Книги

Избранный выжить

22
18
20
22
24
26
28
30

Как и предсказывали учителя в гимназии Трауготта, довольно много учеников пришлось переводить в другие классы после того, как стал ясным их уровень подготовки. Большинство переводят в младшие классы. Меня снова вызывает классный руководитель и говорит, что, по мнению всех учителей, объем моих знаний превышает необходимый уровень для первого класса лицея и спрашивает, не хочу ли я перевестись во второй класс. При этом он, правда, предупреждает, что будет трудно, мои знания неравномерны и придется много работать, чтобы наверстать упущенное. Нужно ли мне время для размышлений?
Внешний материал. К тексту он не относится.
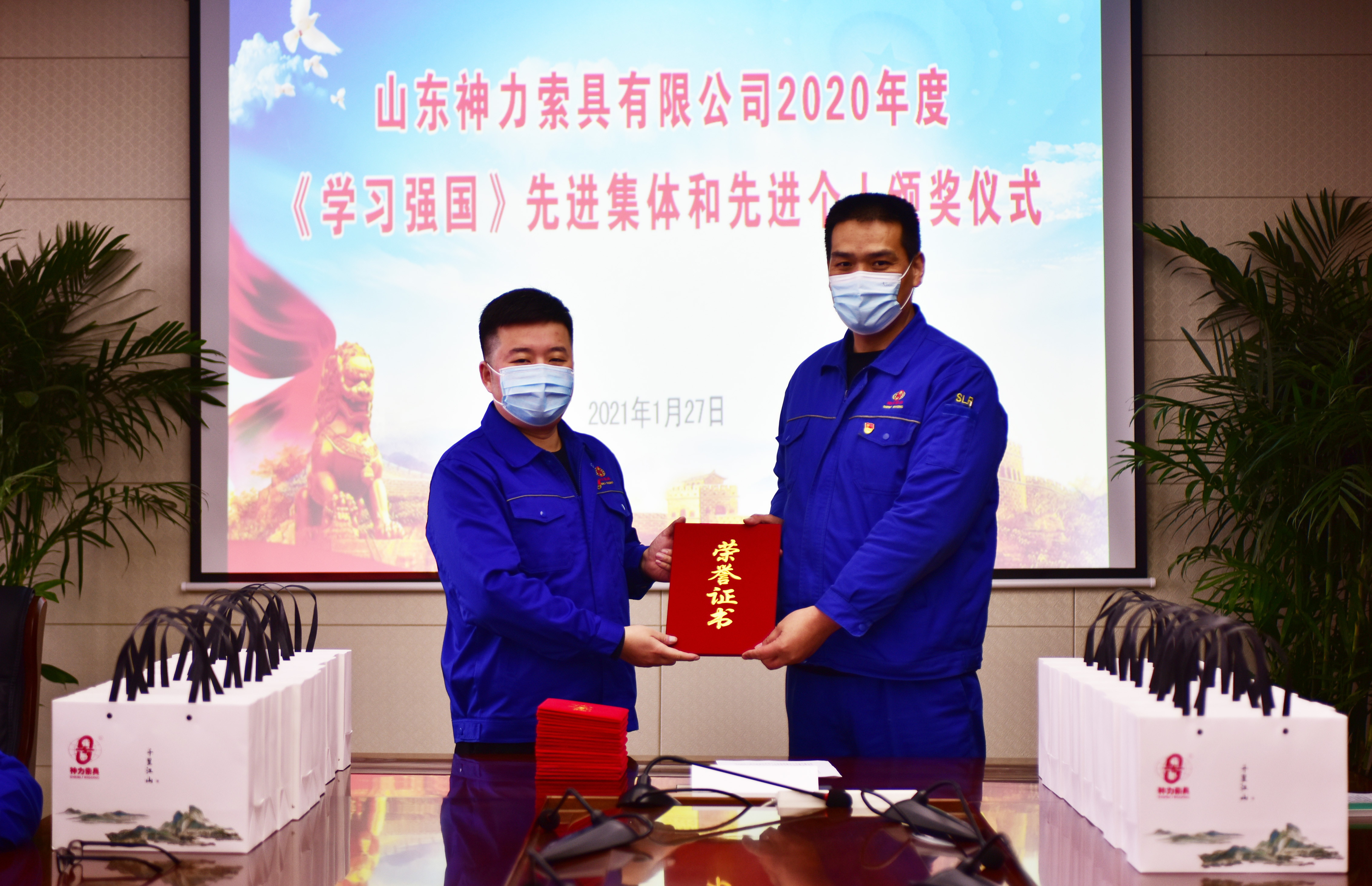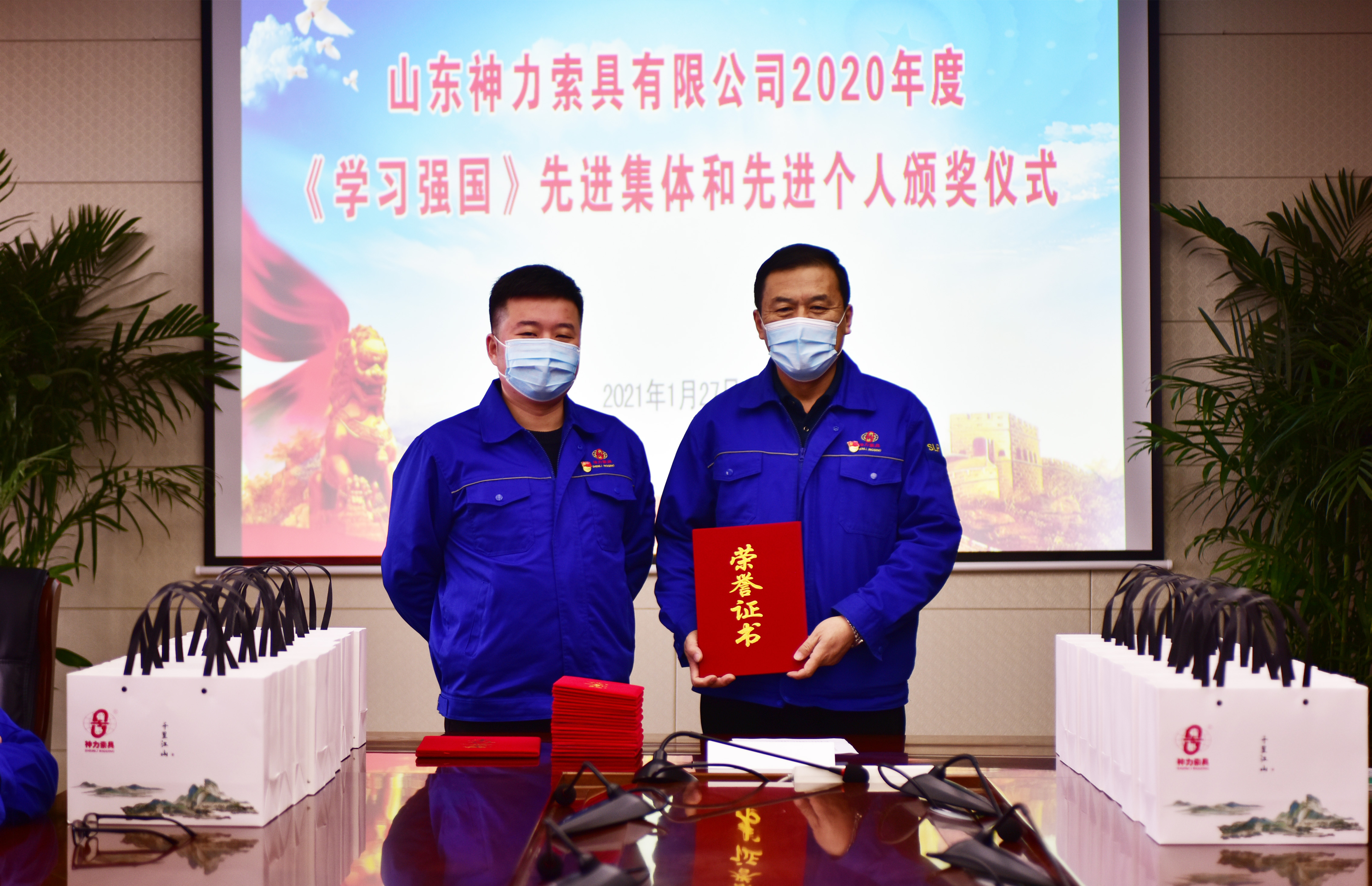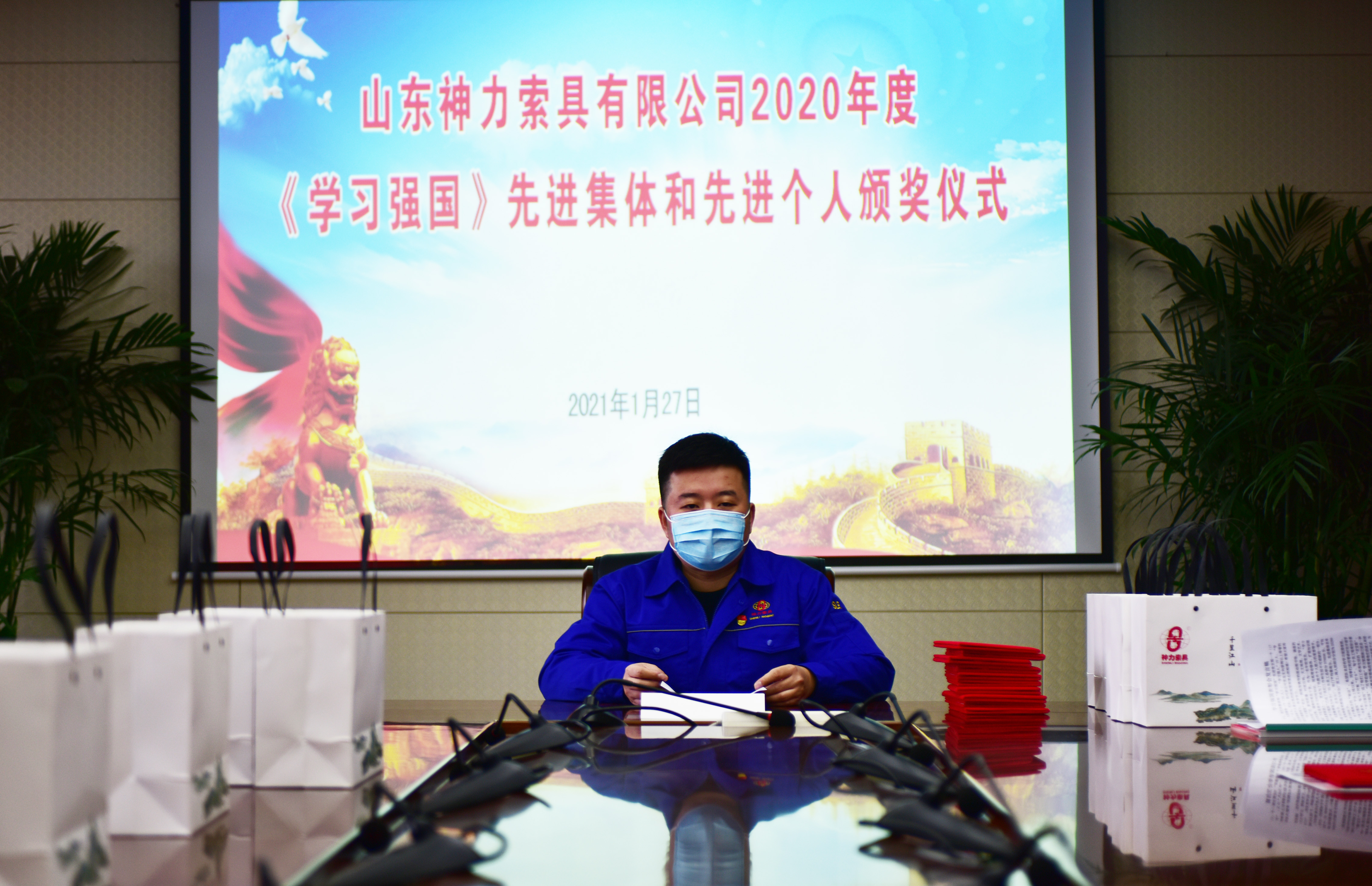 依据规定要求,截至去年年底,根据各部门学习总分数和个人学习总分数,评选出“学习强国”先进党支部一个,先进集体一个,“学习强人”10名,“学习达人”10名。“学习强国”学习平台工作小组副组长、总经理杜大平同志为获得先进集体的代表和先进个人颁发荣誉证书和精美学习礼品。

Я не сомневаюсь ни секунды, и уже на следующий день, через неделю с небольшим после начала учебы, начинаю заниматься в выпускном классе школы.

В новом классе удивление по поводу моего вероисповедания не так велико: уже успели распространиться слухи, что в лицее учится – подумать только! – еврей…

Гимназия Трауготта до войны была мужской. Новое руководство школой решило принимать всех учеников, независимо от пола, так что мы учимся в смешанном классе. В основном юноши, но есть и несколько девочек. Однажды на перемене после третьего урока я стою в одиночестве около доски, и ко мне подходит одна из них. Миловидная, очень ухоженная, светлые волосы аккуратно расчесаны, она слегка прихрамывает на левую ногу, кажется немного стеснительной, но в то же время целеустремленной – ее зовут Марыся. Я вижу, что ей нелегко начать разговор, но не прихожу на помощь. Наконец на приятно-распевном юго-восточном, так называемом львовском диалекте, она неуверенно спрашивает, есть ли у меня все необходимые учебники для второго лицейского класса. Потом, глядя мне прямо в глаза, спрашивает, не хочу ли я учить уроки вместе с ней.

У меня такого желания нет. Я не собираюсь завязывать какие-то отношения с моими одноклассницами – я не для этого пришел в школу. Но чувствую себя польщенным: подумать только, на меня обратила внимание такая хорошенькая девушка. Почему именно я? С моим долго дремавшим, но от этого ставшим еще сильней мужским тщеславием я понимаю, что единственное разумное объяснение – я ей нравлюсь как мужчина. Что же еще?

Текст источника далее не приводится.